Q-Logic IB6054601-00 D Switch User Manual


 
C – Troubleshooting
InfiniPath MPI Troubleshooting
IB6054601-00 D C-27
Q
$ mpirun -np 2 -m ~/tmp/q -q 60 mpi_latency 1000000 1000000
MPIRUN: MPI progress Quiescence Detected after 9000 seconds.
MPIRUN: 2 out of 2 ranks showed no MPI send or receive progress.
MPIRUN: Per-rank details are the following:
MPIRUN: Rank 0 (<nodename>) caused MPI progress Quiescence.
MPIRUN: Rank 1 (<nodename>) caused MPI progress Quiescence.

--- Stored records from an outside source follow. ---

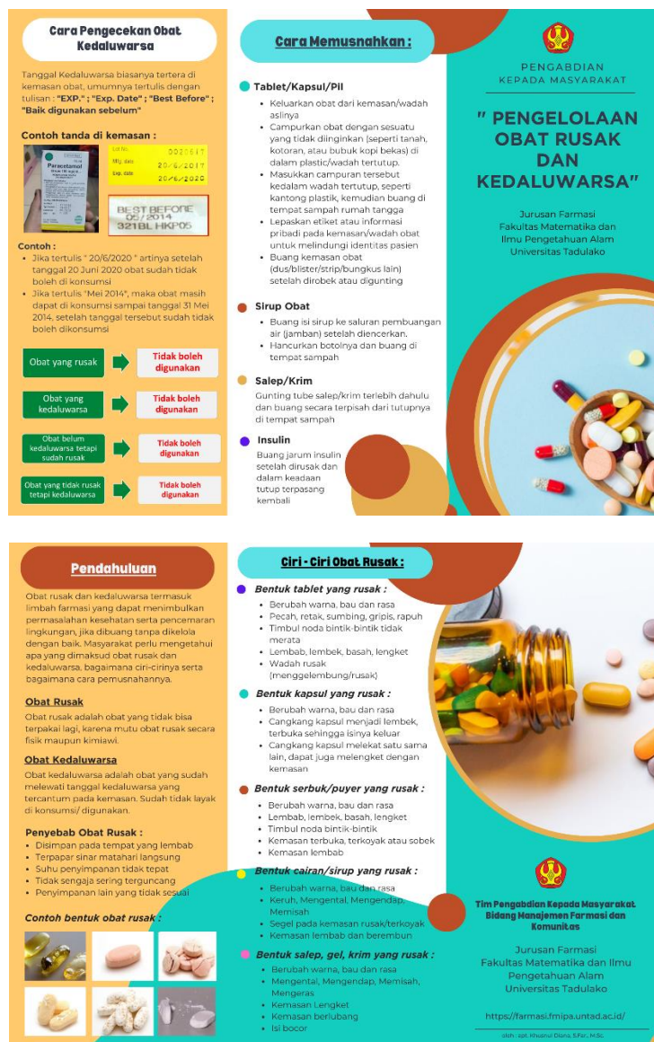
Gambar 4. Leaflet/Media Edukasi Pengelolaan Obat Rusak dan Kedaluwarsa

Berikut media leaflet yang dibagikan kepada peserta kegiatan pengabdian kepada Masyarakat Desa Uenuni, seperti terlihat pada gambar 4.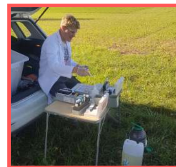
Mesures physico-chimiques sur le territoire du SYAGC.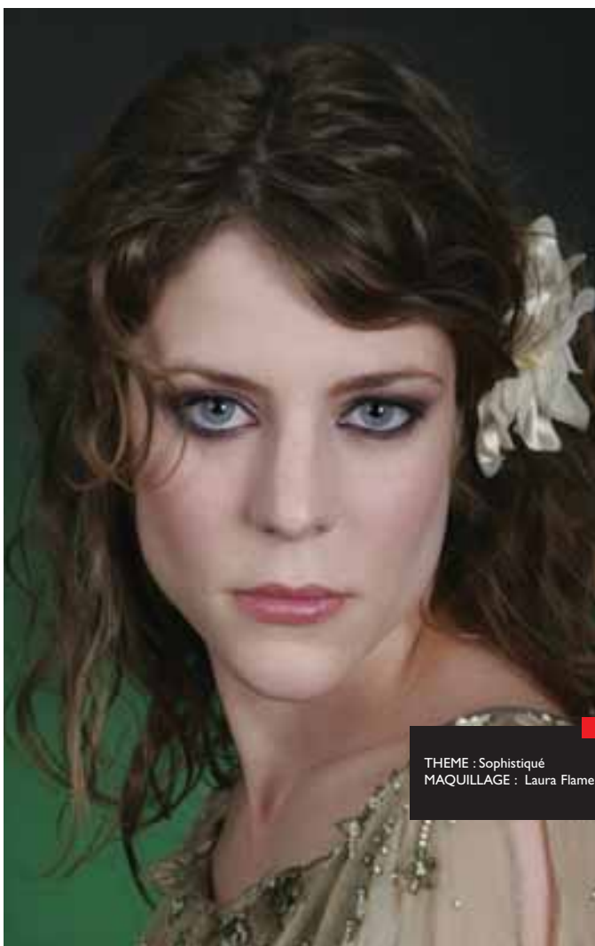
THEME : Sophistiqué MAQUILLAGE : Laura Flament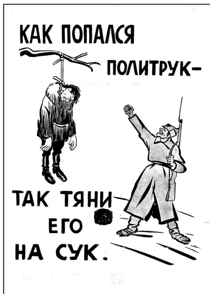
Рис. 18. Финская агитационная листовка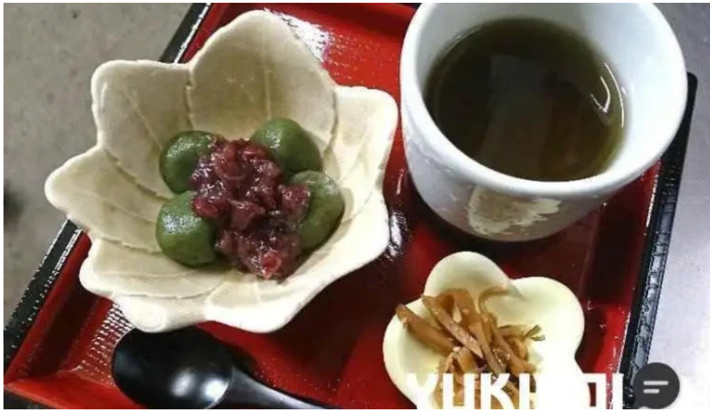
奄美薬膳 つむぎ庵 料理飲み物

MPIRUN: both MPI progress and Ping Quiescence Detected after 120
seconds.
Occasionally a stray process will continue to exist out of its context. mpirun checks
for stray processes; they are killed after detection.The following is an example of
the type of message you will see in this case:
$ mpirun -np 2 -ppn 1 -m ~/tmp/mfast mpi_latency 500000 2000
iqa-38: Received 1 out-of-context eager message(s) from stray
process PID=29745
running on host 192.168.9.218
iqa-35: PSM pid 10513 on host IP 192.168.9.221 has detected that I
am a stray process, exiting.
2000 5.222116
iqa-38:1.ips_ptl_report_strays: Process PID=29745 on host
IP=192.168.9.218 sent
1 stray message(s) and was told so 1 time(s) (first stray message
at 0.7s (13%),last at 0.7s (13%) into application run)
The following should never occur. Please inform Support if it does:
Internal Error: NULL function/argument found:func_ptr(arg_ptr)
C.8.12.3
Driver and Link Error Messages Reported by MPI Programs
Two types of error messages are described below.
1. When the InfiniBand link fails during a job, a message will be reported once
per occurrence. The message will be similar to this:
ipath_check_unit_status: IB Link is down
This can happen when a cable is disconnected, a switch is rebooted, or if there
are other problems with the link. The job will continue retrying until the
quiescence interval expires. See the mpirun -q option for information on
quiescence.
2. If a hardware problem occurs, an error similar to this will be reported:
infinipath: [error strings] Hardware error
This will cause the MPI program to terminate. The error string may provide
additional information as to the problem. To further determine the source of the
problem, examine syslog on the node reporting the problem.